More specifically, the backbone architecture design for CT lung analysis identified via machine-driven design exploration leveraged residual architecture design principles (He et al., 2016a; He et al., 2016b) as an initial network design prototype. In addition, the machine-driven design exploration leveraged 2,116 patient cases acquired from around the world both with presence and absence of respiratory diseases for improve the quantity and diversity of CT scans, along with associated predictive performance constraints (Gunraj and Wong, 2020; Gunraj et al., 2021). It is upon this backbone architecture design that the proposed Fibrosis-Net network architecture design was built to be tailored specifically for predicting FVC based on the CT scan, initial spirometry measurement, and clinical metadata of a patient.

3.4 Network Architecture

The proposed Fibrosis-Net architecture is shown in Figure 2. Given a stack of CT images from a patient’s CT scan, each CT image from the lower 55% subset of the CT scan (where pulmonary fibrosis typically presents itself in the lungs) is passed through a series of convolutional layers to create a condensed feature representation characterizing the CT image. This condensed feature representation of the CT image, along with clinical metadata, are then passed together into a dense layer to predict the linear rate of change in lung function. The predicted linear rates of change in lung function from all of the CT images in a patient’s CT scan are then passed into the FVC prediction layer, where the median predicted linear rate of change in lung function, the initial spirometry measurement of the patient, and clinical metadata (i.e., age, sex, and smoking status) are leveraged to predict the FVC at the desired time-point. As the final operations in the FVC prediction layer, a regressor fitted on the clinical metadata with Elastic Net regularization is also leveraged to produce a predicted FVC at the desired time-point, which is then combined with the convolutional-driven FVC prediction to obtain the final FVC prediction.

FIGURE 2
www.frontiersin.org

FIGURE 2. The proposed Fibrosis-Net architecture design. Given a patient’s CT scan, initial spirometry measurement, and clinical metadata, the proposed Fibrosis-Net predicts the forced vital capacity (FVC) of a patient at a specified time-point in the future. Fibrosis-Net exhibits an efficient network architecture design with light-weight components that strikes a strong balance between representational capacity and architecture and computational efficiency.

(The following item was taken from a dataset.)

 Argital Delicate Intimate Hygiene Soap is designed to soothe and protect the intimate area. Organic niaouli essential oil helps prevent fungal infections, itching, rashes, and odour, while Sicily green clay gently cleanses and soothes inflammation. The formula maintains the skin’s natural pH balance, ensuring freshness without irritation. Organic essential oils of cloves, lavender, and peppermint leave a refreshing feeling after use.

3.4.1 Architectural Heterogeneity and Efficiency

The proposed Fibrosis-Net possesses a highly efficient, heterogeneous design comprising largely of lightweight architectural components such as depthwise convolutions and pointwise convolutions. In particular, similar to (Gunraj and Wong, 2020; Gunraj et al., 2021), both unstrided and strided projection-replication-projection-expansion design patterns (denoted as PRPE and PRPE-S for unstrided and strided patterns, respectively) are heavily utilized to strike a strong balance between representational capacity and architectural and computational efficiency. The efficiency of the proposed Fibrosis-Net makes it very well-suited for clinical scenarios where computational resources are limited, particularly when dealing with CT scans consisting of many CT images such as the pulmonary fibrosis progression prediction task in this study.

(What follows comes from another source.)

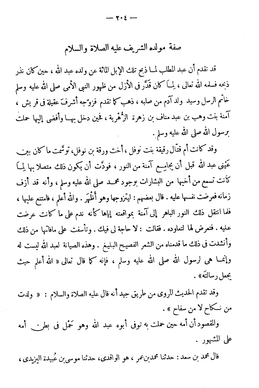 صِفَةُ مَوْلِدِهِ الشَّرِيفِ عَلَيْهِ الصَّلَاةُ وَالسَّلَامُ قَدْ تَقَدَّمُ أَنَّ عَبْدَ الْمُطَّلِبِ لَمَّا ذَبَحَ تِلْكَ الْإِبِلَ الْمِائَةَ عَنْ وَلَدِهِ عَبْدِ اللَّهِ، حِينَ كَانَ نَذَرَ ذَبْحَهُ فَسَلَّمَهُ اللَّهُ تَعَالَى، لِمَا كَانَ قُدِّرَ فِي الْأَزَلِ مِنْ ظُهُورِ النَّبِيِّ الْأُمِّيِّ صَلَّى اللَّهُ عَلَيْهِ وَسَلَّمَ خَاتَمِ الرُّسُلِ وَسيد ولد آدم من صلبه، ذهب كَمَا تَقَدَّمَ فَزَوَّجَهُ أَشْرَفَ عَقِيلَةٍ فِي قُرَيْشٍ، آمِنَة بنت وهب بن عبد منَاف بن زُهْرَةِ الزُّهْرِيَّةَ، فَحِينَ دَخَلَ بِهَا وَأَفْضَى إِلَيْهَا حَمَلَتْ بِرَسُولِ اللَّهِ صَلَّى اللَّهُ عَلَيْهِ وَسَلَّمَ.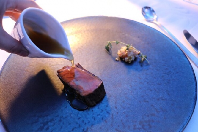 お肉はやわらかく、とろけるような舌触りで、黒胡椒のソースでさらに旨みが引き立ちます。サラダバーのみビュッフェスタイルですが、それ以外の料理はコース仕立てて、席に座ったまま最適な状態でサーブしてもらえるので、ゆったり優雅に過ごせるのもよいなと感じました。

3.4.2 Selective Long-Range Connectivity

Furthermore, selective long-range connectivity is exhibited in the proposed Fibrosis-Net, with central connectivity hubs comprised of pointwise convolutions for enabling flow in information directly from earlier convolutional layers to the later convolutional layers. By keeping the quantity of long-range connections very sparse through centralized connectivity hubs, the selective long-range connectivity characteristics of Fibrosis-Net strikes a strong balance between improved representational capacity and architectural efficiency.

3.4.3 Visual-Clinical Feature Fusion

It can also be observed that Fibrosis-Net fuses learned visual features from a patient’s CT scan with clinical metadata at a later stage of the network architecture design. This enables the efficient utilization of important clinical knowledge captured within clinical metadata alongside important visual characteristics captured in a patient’s CT scan for more well-informed, comprehensive predictive capabilities. Finally, the utilization of a flexible FVC prediction layer in the proposed Fibrosis-Net architecture design takes into account a variable set of linear rates of change in lung function predicted by the dense layer depending on the quantity of CT images within a particular patient’s CT scan. As a result, this effectively allows for much greater flexibility in dealing with different real-world scenarios where the imaging protocol and imaging equipment parameters and configurations can vary greatly.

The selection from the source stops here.